Best practices for running a Signer
Intended audience: solo Stackers or Stacking pool operators.
The following best practices suggest how to create a resilient setup for running your Signer.
tl;dr: avoid single point of failures, introduce redundancy, monitor things.
Monitor your Signer and collect logs
See here on how to set up monitoring.
Retain at least 1 week of logs for both the Signer and the Stacks node.
Downstream components
Run a dedicated Bitcoin node and Stacks node per Signer.
Ensure the nodes are provisioned with the minimum hardware requirements described here.
Nodes should be exclusively dedicated to serve the Signer.
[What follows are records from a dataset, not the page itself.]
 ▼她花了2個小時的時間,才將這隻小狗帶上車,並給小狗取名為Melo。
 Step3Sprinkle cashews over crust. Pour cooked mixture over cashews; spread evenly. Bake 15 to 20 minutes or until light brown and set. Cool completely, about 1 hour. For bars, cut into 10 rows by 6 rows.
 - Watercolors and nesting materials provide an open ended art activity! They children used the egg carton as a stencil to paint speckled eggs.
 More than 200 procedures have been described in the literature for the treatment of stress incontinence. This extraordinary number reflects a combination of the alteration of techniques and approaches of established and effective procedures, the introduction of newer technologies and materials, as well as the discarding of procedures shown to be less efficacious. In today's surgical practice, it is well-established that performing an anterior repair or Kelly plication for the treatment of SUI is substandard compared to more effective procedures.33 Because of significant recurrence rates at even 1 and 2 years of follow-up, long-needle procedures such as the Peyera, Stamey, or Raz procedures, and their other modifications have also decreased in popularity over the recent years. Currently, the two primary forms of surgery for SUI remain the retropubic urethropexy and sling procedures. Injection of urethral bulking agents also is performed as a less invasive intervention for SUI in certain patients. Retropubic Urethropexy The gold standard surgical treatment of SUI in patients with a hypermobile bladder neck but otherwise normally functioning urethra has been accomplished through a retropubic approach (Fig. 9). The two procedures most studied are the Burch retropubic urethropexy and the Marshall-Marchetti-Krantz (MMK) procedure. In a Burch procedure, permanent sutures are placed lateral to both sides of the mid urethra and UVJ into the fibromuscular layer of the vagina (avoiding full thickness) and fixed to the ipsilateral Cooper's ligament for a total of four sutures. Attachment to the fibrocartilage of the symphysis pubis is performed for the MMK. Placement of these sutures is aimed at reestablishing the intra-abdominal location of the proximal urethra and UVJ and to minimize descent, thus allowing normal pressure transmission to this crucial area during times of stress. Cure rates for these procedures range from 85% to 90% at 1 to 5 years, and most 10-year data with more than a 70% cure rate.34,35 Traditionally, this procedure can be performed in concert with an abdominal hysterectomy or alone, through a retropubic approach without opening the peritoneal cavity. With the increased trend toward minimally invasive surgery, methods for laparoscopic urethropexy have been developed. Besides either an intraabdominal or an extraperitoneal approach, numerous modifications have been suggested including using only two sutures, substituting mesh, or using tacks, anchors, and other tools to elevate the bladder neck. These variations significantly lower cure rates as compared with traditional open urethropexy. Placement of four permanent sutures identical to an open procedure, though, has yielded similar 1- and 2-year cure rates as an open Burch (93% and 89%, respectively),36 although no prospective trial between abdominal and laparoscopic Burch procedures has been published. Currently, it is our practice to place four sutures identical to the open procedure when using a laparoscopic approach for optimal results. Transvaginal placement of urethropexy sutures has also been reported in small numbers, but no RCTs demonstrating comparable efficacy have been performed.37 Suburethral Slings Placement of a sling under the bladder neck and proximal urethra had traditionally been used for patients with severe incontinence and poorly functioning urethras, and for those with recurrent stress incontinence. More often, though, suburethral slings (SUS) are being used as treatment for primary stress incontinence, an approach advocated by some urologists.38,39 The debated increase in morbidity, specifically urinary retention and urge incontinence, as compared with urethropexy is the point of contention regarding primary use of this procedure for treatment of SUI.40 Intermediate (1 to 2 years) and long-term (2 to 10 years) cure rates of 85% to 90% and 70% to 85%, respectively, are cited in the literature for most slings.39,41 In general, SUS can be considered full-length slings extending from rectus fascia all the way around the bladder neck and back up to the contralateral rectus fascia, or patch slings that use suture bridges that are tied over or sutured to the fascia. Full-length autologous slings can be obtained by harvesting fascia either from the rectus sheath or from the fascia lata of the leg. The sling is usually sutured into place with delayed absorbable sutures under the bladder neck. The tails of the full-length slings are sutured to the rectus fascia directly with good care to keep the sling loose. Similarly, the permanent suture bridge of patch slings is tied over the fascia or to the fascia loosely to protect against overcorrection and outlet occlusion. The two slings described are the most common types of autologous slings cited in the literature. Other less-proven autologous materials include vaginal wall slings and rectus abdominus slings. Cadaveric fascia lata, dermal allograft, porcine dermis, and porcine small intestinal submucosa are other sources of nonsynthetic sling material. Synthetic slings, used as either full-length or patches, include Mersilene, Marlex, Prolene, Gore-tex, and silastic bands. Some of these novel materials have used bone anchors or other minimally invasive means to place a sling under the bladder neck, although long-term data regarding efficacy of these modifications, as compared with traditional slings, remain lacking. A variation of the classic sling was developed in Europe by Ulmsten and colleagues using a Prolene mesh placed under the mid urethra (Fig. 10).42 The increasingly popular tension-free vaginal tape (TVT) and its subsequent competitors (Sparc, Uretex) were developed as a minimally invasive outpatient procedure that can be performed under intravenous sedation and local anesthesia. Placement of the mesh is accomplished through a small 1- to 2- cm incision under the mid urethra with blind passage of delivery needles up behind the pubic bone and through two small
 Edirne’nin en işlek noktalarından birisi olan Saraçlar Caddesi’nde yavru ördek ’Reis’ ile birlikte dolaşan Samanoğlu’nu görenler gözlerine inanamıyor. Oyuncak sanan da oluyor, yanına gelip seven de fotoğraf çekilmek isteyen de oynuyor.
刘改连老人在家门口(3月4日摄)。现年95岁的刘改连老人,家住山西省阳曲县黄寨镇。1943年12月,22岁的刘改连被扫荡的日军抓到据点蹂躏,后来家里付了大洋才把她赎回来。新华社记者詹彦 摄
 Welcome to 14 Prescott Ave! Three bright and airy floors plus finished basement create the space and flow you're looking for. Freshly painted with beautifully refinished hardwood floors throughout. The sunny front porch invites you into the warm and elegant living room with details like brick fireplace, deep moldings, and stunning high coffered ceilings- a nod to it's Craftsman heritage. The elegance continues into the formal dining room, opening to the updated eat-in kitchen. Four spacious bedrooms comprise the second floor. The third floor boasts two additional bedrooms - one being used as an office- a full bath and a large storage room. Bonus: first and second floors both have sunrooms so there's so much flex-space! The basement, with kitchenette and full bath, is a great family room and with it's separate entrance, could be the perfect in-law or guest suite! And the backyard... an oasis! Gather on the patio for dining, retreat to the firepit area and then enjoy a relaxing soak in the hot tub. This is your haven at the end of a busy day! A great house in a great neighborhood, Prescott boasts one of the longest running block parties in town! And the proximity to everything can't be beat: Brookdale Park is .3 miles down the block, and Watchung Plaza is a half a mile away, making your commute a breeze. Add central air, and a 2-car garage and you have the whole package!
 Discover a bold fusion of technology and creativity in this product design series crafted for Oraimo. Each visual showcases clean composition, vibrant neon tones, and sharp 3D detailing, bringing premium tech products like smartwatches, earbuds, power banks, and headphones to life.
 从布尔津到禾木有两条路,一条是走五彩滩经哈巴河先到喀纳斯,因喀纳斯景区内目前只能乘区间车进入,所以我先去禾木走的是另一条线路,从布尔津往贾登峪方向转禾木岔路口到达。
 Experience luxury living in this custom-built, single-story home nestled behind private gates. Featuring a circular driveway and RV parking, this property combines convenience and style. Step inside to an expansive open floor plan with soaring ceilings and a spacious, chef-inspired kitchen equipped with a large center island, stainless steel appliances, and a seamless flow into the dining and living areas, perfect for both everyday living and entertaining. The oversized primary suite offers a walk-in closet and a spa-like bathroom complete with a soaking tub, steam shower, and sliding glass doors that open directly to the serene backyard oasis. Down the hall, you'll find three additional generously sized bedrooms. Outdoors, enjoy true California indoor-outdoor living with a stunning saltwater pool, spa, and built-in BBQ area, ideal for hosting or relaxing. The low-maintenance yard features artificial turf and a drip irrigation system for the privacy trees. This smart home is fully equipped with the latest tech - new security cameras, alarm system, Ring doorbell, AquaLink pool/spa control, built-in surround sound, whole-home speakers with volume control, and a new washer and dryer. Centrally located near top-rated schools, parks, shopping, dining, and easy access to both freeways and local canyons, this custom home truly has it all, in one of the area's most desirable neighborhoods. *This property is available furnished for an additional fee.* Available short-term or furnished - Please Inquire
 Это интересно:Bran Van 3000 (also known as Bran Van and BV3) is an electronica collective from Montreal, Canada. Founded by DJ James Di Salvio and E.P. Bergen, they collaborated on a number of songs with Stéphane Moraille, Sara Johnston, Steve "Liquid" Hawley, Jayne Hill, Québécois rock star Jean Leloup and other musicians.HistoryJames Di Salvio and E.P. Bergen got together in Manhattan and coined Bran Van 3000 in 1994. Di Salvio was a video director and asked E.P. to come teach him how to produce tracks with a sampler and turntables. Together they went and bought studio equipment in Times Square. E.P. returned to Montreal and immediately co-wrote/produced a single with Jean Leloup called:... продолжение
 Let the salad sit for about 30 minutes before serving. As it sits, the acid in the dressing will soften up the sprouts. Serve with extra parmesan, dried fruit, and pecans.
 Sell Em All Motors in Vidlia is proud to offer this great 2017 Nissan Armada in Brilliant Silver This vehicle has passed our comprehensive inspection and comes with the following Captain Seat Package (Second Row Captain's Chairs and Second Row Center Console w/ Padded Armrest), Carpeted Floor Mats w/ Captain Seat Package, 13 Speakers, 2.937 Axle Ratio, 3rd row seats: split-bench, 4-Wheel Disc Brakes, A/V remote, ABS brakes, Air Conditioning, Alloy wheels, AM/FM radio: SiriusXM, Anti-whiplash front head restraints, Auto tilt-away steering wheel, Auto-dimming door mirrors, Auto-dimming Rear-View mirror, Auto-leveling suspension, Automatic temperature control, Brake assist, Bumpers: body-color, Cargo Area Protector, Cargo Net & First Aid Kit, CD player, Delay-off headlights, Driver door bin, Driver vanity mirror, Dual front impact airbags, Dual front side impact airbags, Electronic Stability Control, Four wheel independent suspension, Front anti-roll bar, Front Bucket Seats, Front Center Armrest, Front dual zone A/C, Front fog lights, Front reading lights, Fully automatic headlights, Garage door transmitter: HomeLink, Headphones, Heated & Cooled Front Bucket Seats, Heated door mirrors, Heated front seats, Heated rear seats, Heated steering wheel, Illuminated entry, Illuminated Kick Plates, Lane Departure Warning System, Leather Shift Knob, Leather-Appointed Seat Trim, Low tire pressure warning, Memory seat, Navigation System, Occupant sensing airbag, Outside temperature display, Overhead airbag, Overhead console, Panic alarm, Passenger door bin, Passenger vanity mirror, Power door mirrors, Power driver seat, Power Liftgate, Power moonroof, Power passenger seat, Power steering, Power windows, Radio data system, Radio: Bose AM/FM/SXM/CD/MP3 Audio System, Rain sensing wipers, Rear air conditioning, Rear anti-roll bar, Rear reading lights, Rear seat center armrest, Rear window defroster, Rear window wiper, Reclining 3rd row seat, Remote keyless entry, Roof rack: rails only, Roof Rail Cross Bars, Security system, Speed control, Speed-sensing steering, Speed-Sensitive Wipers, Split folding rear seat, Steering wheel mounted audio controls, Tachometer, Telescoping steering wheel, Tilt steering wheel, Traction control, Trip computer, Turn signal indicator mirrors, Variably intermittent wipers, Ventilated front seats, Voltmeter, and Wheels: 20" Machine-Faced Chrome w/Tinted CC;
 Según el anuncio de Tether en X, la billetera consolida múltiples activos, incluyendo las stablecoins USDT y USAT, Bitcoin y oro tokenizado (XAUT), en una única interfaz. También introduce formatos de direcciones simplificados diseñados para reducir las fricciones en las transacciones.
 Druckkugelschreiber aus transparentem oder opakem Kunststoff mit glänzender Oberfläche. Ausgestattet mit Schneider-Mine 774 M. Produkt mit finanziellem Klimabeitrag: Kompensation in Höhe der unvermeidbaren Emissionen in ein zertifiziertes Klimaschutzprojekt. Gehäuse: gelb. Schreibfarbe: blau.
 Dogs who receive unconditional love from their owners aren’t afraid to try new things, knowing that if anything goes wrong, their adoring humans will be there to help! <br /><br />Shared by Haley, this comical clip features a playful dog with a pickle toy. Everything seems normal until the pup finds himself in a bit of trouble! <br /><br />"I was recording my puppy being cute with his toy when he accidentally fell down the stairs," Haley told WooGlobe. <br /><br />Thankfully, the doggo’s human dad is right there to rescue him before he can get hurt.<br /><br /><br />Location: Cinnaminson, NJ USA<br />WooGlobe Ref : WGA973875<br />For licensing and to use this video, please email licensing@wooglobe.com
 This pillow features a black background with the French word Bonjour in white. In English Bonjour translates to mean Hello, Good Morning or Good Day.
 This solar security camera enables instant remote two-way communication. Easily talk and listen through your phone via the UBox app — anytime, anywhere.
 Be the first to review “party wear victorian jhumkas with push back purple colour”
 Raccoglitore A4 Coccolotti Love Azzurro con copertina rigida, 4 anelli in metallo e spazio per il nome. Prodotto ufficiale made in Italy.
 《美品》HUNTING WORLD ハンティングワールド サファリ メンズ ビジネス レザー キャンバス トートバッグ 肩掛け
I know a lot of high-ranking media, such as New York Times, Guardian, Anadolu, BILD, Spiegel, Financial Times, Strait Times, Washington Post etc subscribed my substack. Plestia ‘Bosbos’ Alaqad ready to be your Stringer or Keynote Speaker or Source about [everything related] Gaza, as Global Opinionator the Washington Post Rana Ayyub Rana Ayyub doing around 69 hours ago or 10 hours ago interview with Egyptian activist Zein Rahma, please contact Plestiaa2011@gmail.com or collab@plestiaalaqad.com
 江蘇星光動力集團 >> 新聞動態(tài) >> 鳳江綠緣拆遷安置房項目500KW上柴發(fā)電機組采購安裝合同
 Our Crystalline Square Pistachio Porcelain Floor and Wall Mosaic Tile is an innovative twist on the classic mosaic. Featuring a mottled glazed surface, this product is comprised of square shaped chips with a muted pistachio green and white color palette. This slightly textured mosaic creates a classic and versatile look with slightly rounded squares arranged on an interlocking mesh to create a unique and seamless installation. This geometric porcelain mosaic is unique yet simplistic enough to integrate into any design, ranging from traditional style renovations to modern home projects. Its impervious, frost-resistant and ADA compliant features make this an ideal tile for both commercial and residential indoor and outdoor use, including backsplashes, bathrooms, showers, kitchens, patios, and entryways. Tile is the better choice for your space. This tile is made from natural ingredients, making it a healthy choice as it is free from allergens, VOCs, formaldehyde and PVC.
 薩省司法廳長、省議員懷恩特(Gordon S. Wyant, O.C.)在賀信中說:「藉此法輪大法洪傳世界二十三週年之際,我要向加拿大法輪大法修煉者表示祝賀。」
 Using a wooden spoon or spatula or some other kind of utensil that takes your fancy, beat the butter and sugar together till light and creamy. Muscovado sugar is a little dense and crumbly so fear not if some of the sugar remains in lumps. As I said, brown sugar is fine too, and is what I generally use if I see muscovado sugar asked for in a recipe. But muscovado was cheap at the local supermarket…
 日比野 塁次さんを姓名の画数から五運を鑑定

Avoid re-using them to serve other clients as that may negatively affect performance (no mock-signing, no Stacks API nodes).
If running dedicated nodes is not possible, then ensure that the Bitcoin / Stacks nodes do not become single point of failures for multiple signers depending on them.
Introduce redundancy, load balancing, rely on a robust Bitcoin RPC provider, etc.
Split voting power across multiple Signers
Distribute your voting power across multiple, distinct Signer public keys to mitigate the risk of loss or downtime from a single compromised key.
Each Signer should also limit voting power to a maximum amount and invite Stackers to use a different Signer when the limit is reached.
Monitor new software releases
Stay up-to-date with new releases, patches, and security advisories (e.g., GitHub, mailing lists, Discord).
Apply updates as quickly as possible, especially those addressing a security vulnerability.
Upgrade procedures
Upgrading one Signer instance at the time.
Test the update on one instance and, if successful, proceed to the others.
While your Signer is offline for upgrades, it won't sign any blocks. Ensure that the downtime is as short as possible.
Diversified hosting
Use different provider / configuration where feasible (e.g., a self-hosted instance and one in the cloud, or in two different data center regions, etc.).
Ensure each host has redundant power supply and network connectivity.
Fall-back deployments
Deploy additional Stacks nodes and Bitcoin nodes to be used as fall-back.
Use the same configuration as your active instances.
For the Stacks node, comment out the
event_observer
section.
Prepare a backup Signer (same configuration) to be quickly activated, but do not run it.
At all times, there should be exactly one Signer instance running for each Signer private key.
These instances should be hosted on separate physical hosts (see diversified hosting) from the instances usually active in operations (serving each Signer).
If an active instance (e.g., the Signer, the Stacks node or the Bitcoin node) fails, you can quickly switch to the fall-back configuration to continue operations. To do that:
Run the backup Signer.
Enable the
event_observer
section of the Node configuration.Restart the node.
Redundancy in operations
Ensure that multiple, trusted users can manage and maintain signer instances.
Where feasible, users should span different timezones.
Backup signer keys in cold-storage
Keep an offline, secure backup of all Signer private keys (e.g., hardware security modules or encrypted storage devices).